2.1 simplicité et complexité: les opposés s’attirent

La simplicité sans la complexité aurait-elle encore une raison d’être ? C’est bien connu, les

opposés vivent de leur opposition. « La complexité et la simplicité sont deux qualités

symbiotiques. […] chacune a besoin de l’autre : sa définition dépend de l’existence de

l’autre. »21 C’est le propre de la pensée complexe, que de ne pas séparer les contradictions.

La simplicité et la complexité ont besoin l’un de l’autre. Et d’ailleurs on remarque que plus il

y a de complexité sur le marché plus la simplicité ressort. C’est de cette manière que le

journal Telegraph s’est fait remarquer à Londres avec sa nouvelle campagne publicitaire.

Avec la prolifération des quotidiens gratuits la baisse des ventes de la plupart des grands

journaux a été inévitable. On a pu ainsi voir dans le métro Londonien une campagne pour le

journal Telegraph, ou plutôt pour son site internet, sur lequel le journal semble avoir

beaucoup investi. Sur fond blanc, des phrases viennent ponctuer agréablement les montées et

descentes menant aux quais du métro, soigneusement composées dans une typographie qui

rompt avec les caractères à empattements propres au monde des journaux. Ces phrases

vantent avec une sobriété graphique très Suisse la qualité des informations que l'on peut

trouver sur le site du journal, qui en ont fait le site du journal anglais le plus visité.
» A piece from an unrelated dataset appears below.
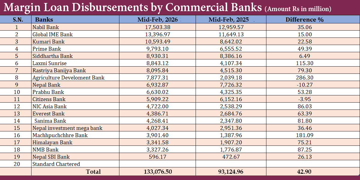 According to data released by Nepal Rastra Bank (NRB), commercial banks disbursed a total of Rs 133.07 billion in margin-type loans between mid-July 2025 and mid-February 2026 of the fiscal year 2025/26. This marks a 42.9% increase compared to the same period last fiscal year, when such lending stood at Rs 93.12 billion.

L'économie de moyens employés est apaisante et vient curieusement faire mouche au milieu

d'une débauche de visuels criards et colorés, qui cherchent tous à attirer l'attention avec

beaucoup d'excès. En choisissant un graphisme sobre et sans fioriture le journal Telegraph a

su se faire remarquer face aux communications beaucoup plus chargées. Imaginons

maintenant qu’il n’y ait que des communications jouant de leur simplicité, la campagne du

journal Telegraph aurait-il eu autant d’impact ? S’il ne restait que la simplicité, comment

saurait-on ce qui est vraiment simple ? Aurait-on besoin des communications « complexes »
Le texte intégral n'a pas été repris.